Human emotions indicate a person’s psychological state. There are positive emotions and negative emotions. Positive emotions are related with improving work efficiency as well as human health [1]. Negative emotions due to various factors cause stress and reduce concentration [2]. In addition, the various negative stimuli that people experience in their daily lives are highly diverse, and the accumulation of these stimuli causes mental disorders such as stress and depression [3]. Negative emotions intensify stress, and constant exposure to stress causes serious diseases.
The definition of emotion is presented differently by each study, but in general, it can be divided into two ways. One of them is the discrete emotion model and the other is the dimensional model. In the discrete emotion model, many studies use the six-basic-emotions model of Ekman [4], which consists of happiness, sadness, surprise, anger, fear, and disgust. These can be divided into positive and negative emotions. Positive emotions include happiness and surprise, and negative emotions include sadness, anger, fear, and disgust [5]. In addition, the nine affects of Silvan Tomkins [6,7] and Wheel of Emotions of Plutchik [8] are also included in the discrete emotion model. Unlike the discrete model, which considers all emotions individually, the dimensional model considers all emotions as continuous. It is based on that humans themselves define that their individual emotions exist in two or three dimensions [9]. Most dimensional emotional models consist of an integrated form of valence, arousal, or intensity of emotion. In general, the two-dimensional circumplex model of Russell [10] and the three-dimensional PAD emotional state model [11] are used.

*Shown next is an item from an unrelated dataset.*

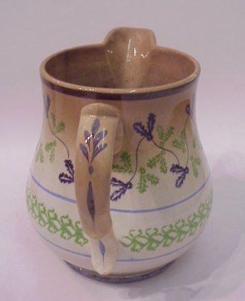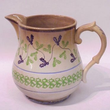 SPATTERWARE PITCHER: Stick spatter design of vines above a geometrical frieze. Heavy crazing and discoloration. 7 1/4''h.

There are many methods for measuring human emotions. A survey-based measurement is basically used to figure out the emotion. However, since the results of emotions cause physiological reactions in the human body, a hormone-based measurement as well as measurements using a non-invasive method are used. A diagnosis by a psychiatrist is necessary when medical care is required based on the results of the measurement [12]. Representatively, methods such as the Cornell Medical Index (CMI) [13], saliva and urinalysis cortisol test for physiological responses, and hormone-level test through a blood test were generally used. Each measurement method has advantages and disadvantages. For the method using a questionnaire, the error in measurement accuracy cannot be ignored as the answer varies depending on the subjectivity. The hormone-measurement method has the disadvantage that it cannot grasp the status in real time [14]. In contrast, the non-invasive measurement method can complement real-time performance and is considered to be fairly reliable because it is based on physiological signals that the subject cannot change artificially [3].

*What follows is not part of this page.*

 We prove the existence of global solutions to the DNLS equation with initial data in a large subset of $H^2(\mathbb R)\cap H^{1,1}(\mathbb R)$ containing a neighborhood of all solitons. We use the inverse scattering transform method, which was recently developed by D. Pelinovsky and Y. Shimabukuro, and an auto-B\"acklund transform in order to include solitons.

Conventionally, research on emotion classification using physiological signals and facial expressions has been performed based on simple computational calculations. As these studies gradually develop, methods using machine learning and pattern recognition have been proposed, and more recently, studies to classify emotions using deep learning with computer hardware performance have been proposed. This type of research is widely used not only in emotion recognition [3,15,16], posture recognition [17,18] and medical diagnosis and therapy [19,20], but also in finance [21] and even agriculture [22].
Studies have shown that physiological signals and emotion are closely related. In the study of Kreibig [23], emotion and the autonomic nervous system (ANS) response specificity were reviewed, and Nasoz [24] presented how emotions and cognitive processes are physiologically affected. In addition, a study by Levenson [25], who conducted four different experiments to confirm the correlation between emotion-based facial expressions and physiological signals, was also conducted.

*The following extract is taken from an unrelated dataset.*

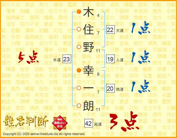 木(4画)住(7画)野(11画) 幸(8画)一(1画)朗(11画)

Negative emotions can be expressed as stress and anxiety and are closely related. Stress can be recognized for its cause, but anxiety often involves not recognizing what the object of anxiety is. Stress is a response to the past and present, while anxiety is also different in that it involves worry about what will happen in the future. Many studies have been conducted to estimate stress based on physiological signals [26,27,28], and recently, stress analysis methods that apply physiological signals to artificial intelligence models have also been developed [29,30,31]. Research using various physiological signals as input data have yielded highly reliable results. In the study conducted by Wijsman et al. [32], the human emotional status was classified into various types by machine learning after acquiring the ECG, respiration, skin conductance, and EMG signals using a wearable device, and classified almost 80% accuracy. Similarly, in the study conducted by Sandulescu et al. [33], stress was classified using a support vector machine based on photoplethysmography (PPG), electrodermal activity (EDA), and heart rate variability (HRV) parameters, and classified about 79% accuracy and precision. Additionally, Convolution Bidirectional Long Short-term Memory Neural Network (CBLNN) frameworks by Du et al. [34] classify emotions as the geometric features extracted from facial skin information and the heart rate extracted from changes in RGB component. Similar to these studies that analyzed the response of the autonomic nervous system, studies using signals from the central nervous system have also been conducted [14,35,36,37].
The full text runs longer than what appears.